Carphone Warehouse readies ‘complete transformation’ of customer experience

Carphone Warehouse is readying a “complete transformation” of its customer experience introducing in-store comparison “smart tools” as it looks to grow its UK market share by being a more customer-focused business.

Carphone Warehouse store

The move is backed by a campaign dubbed ‘Each and Every Customer Counts’, which includes a £10m investment in TV advertising and social media activity created by CHI & Partners.

The TV campaign kicks off this weekend along with social media activity, which will emphasise the comparison capabilities of its new “smart tool”, which is now live on the Carphone Warehouse website.

The new smart tool will see the retailer give every staff member in-store a tablet to implement a new programme called Pinpoint which guides customers through choosing networks, tariffs and handsets and involved re-training 3,000 store staff.

The tablets detail to consumers what each network offers individually, as well as asking the customer five key questions that result in a recommendation of a handset, tariff and network.

Once those 5 questions have been answered and a suggestion has been made, the tool includes a “future proofing” element, to see if the phone, network and tariff will still be right for the customer over the average two year contract period which is discovered by answering questions around data usage.

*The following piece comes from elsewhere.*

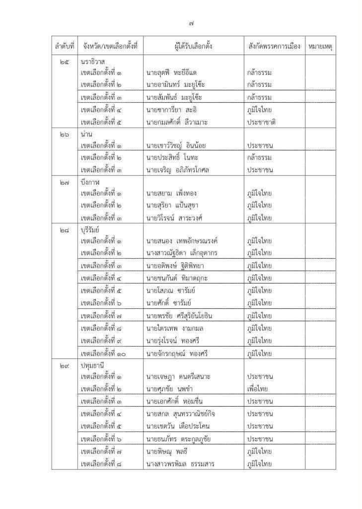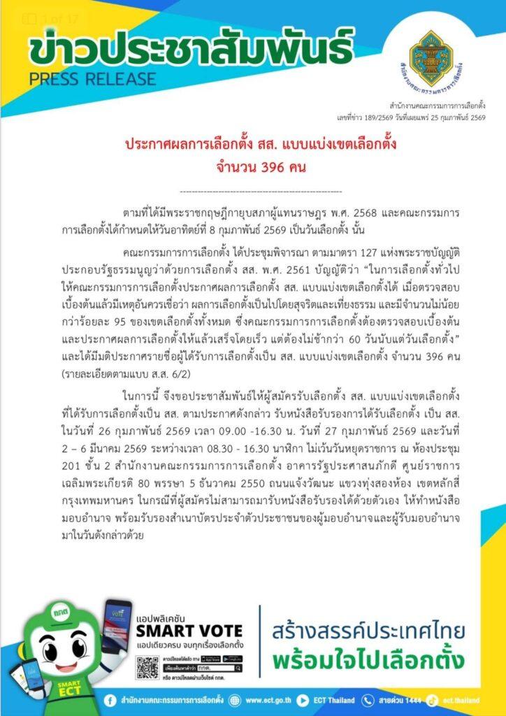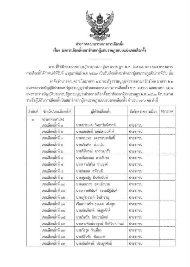 ประกาศผลการเลือกตั้ง ส.ส. แบบแบ่งเขตเลือกตั้ง อย่างเป็นทางการ

The tool also has a live tariff checker, which compares more than 12,000 deals from the other networks and competitors and a coverage checker for 4G which allows the customer to check two different postcodes, such as work and home.

Julian Diment, marketing director at Carphone Warehouse, says: “We were the guys that ultimately invented mobile phone retailing. This is a complete transformation using the power of our colleagues with the power of technology to make sure we are genuinely making the right recommendation based on the costumer as an individual rather than ‘here’s some deals’.”

Carphone Warehouse reported sales up 5.2 per cent on the previous year at £816m for the quarter ending 29 June. It highlighted UK contract sales performing particularly well, although the group’s French business is continuing to decline. Excluding the French market sales would have increased by 13.2 per cent.

Diment says: “We’ve had a good year and reported UK increases of significant like for like growth but it is a highly competitive and challenging market in terms of retaining and growing that market share. That’s why we invested in these tools so heavily, even in difficult times, to make sure we stay ahead of the competition.

“We have actually communicated that we’re looking to exit the French market in the immediate future, so there isn’t a long term retail business for us in France.”